Note, however, that even if contracted without the assistance of labor officials, compromise
agreements between workers and their employers remain valid and are still considered desirable
means of settling disputes.

A compromise agreement is valid as long as the consideration is reasonable and the employee
signed the waiver voluntarily, with a full understanding of what he was entering into. All that is
required for the compromise to be deemed voluntarily entered into is personal and specific individual
consent. Thus, contrary to respondent’s contention, the employee’s counsel need not be present at
the time of the signing of the compromise agreement.

In this case, we find the consideration of P450,000 fair and reasonable under the circumstances. In
addition, records show that respondent gave his personal and specific individual consent with a full
understanding of the stakes involved.
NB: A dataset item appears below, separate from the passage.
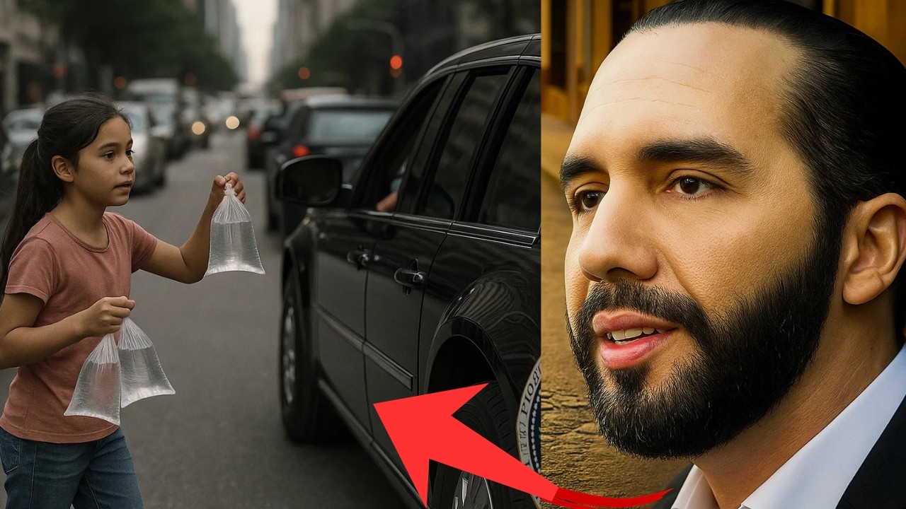 El semáforo cambió a rojo, deteniendo la comitiva. Fue entonces cuando Bukele levantó la vista y la vio. María. No era más que una silueta ágil moviéndose peligrosamente entre los coches, cargando una bandeja con bolsas de agua que parecía pesar más que ella misma. Su uniforme escolar, limpio pero desgastado por el tiempo y el uso, contaba una historia de dignidad en medio de la precariedad. A esa hora, cualquier niño de su edad debería estar haciendo los deberes o descansando, no esquivando retrovisores para ganar unas monedas.

In our view, the compromise agreement in this case does not
suffer from the badges of invalidity.

The fact that the Order, which dismissed the case in view of the compromise agreement, was issued
during the pendency of the petition for certiorari in the Court of Appeals does not divest the Labor
Arbiter of jurisdiction. A petition for certiorari is an original action and does not interrupt the course of
the principal case unless a temporary restraining order or a writ of preliminary injunction has been
issued against the public respondent from further proceeding. The Labor Arbiter thus acted well
within his jurisdiction. Therefore, the Labor Arbiter’s Order dismissing the case with prejudice in view
of the compromise agreement entered into by the parties must be upheld.